The landscape of sex ed in the United States is confusing. What students are taught, and in what grades, varies widely from one school district to another. In many communities, how to talk with kids and teens about sex is hotly debated. Educators, parents, outside groups and state regulations all play a role in shaping sex ed curriculums.
Here’s what you need to know to understand the different kinds of sex ed programs and what’s taught in your district.
What are the different types of sex education?
There are four broad categories of sex ed: abstinence only, abstinence plus, sexual risk avoidance and comprehensive sex education. The first three typically promote postponing sexual activity until after marriage to avoid risks including pregnancy or sexually transmitted infections, while comprehensive sex education focuses on equipping students with skills for staying safe when they do choose to have sex.
That said, there is no single, agreed-upon definition for any of these terms. Designers of sex ed curriculums are responsible for labeling their own programs, and the distinctions between them can be blurry. For example, comprehensive sex education programs often present abstinence as the surest way to eliminate risks, while programs in any of the categories may include information on contraception, STIs and healthy relationships.
What are some of the main points of contention between different types of sex education?
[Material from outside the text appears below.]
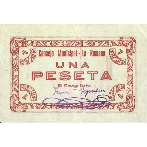 1 Consejo Municipal - La Romana UNA PESETA El Depositario (Translation: Municipal Council - La Romana One Peseta The Depositary) |

The main differences between the various types of sex education are in the degree of emphasis on abstinence and the ways in which teen sex and premarital sex are discussed. But there are other differences as well. For example, comprehensive sex education often includes lessons on gender identity, while other forms of sex ed typically leave that information out.
Comprehensive sex education also often includes lessons on consent. While some sexual risk avoidance and abstinence plus programs also discuss this topic, many focus on so-called refusal skills. The concepts are related — both involve teaching students that they can say no to sex. But instruction on consent often includes teaching that people can agree to have sex, whereas proponents of refusal skills say that approach ends up telling teens how to “negotiate” for sex.
What grade is sex ed taught in schools and by whom?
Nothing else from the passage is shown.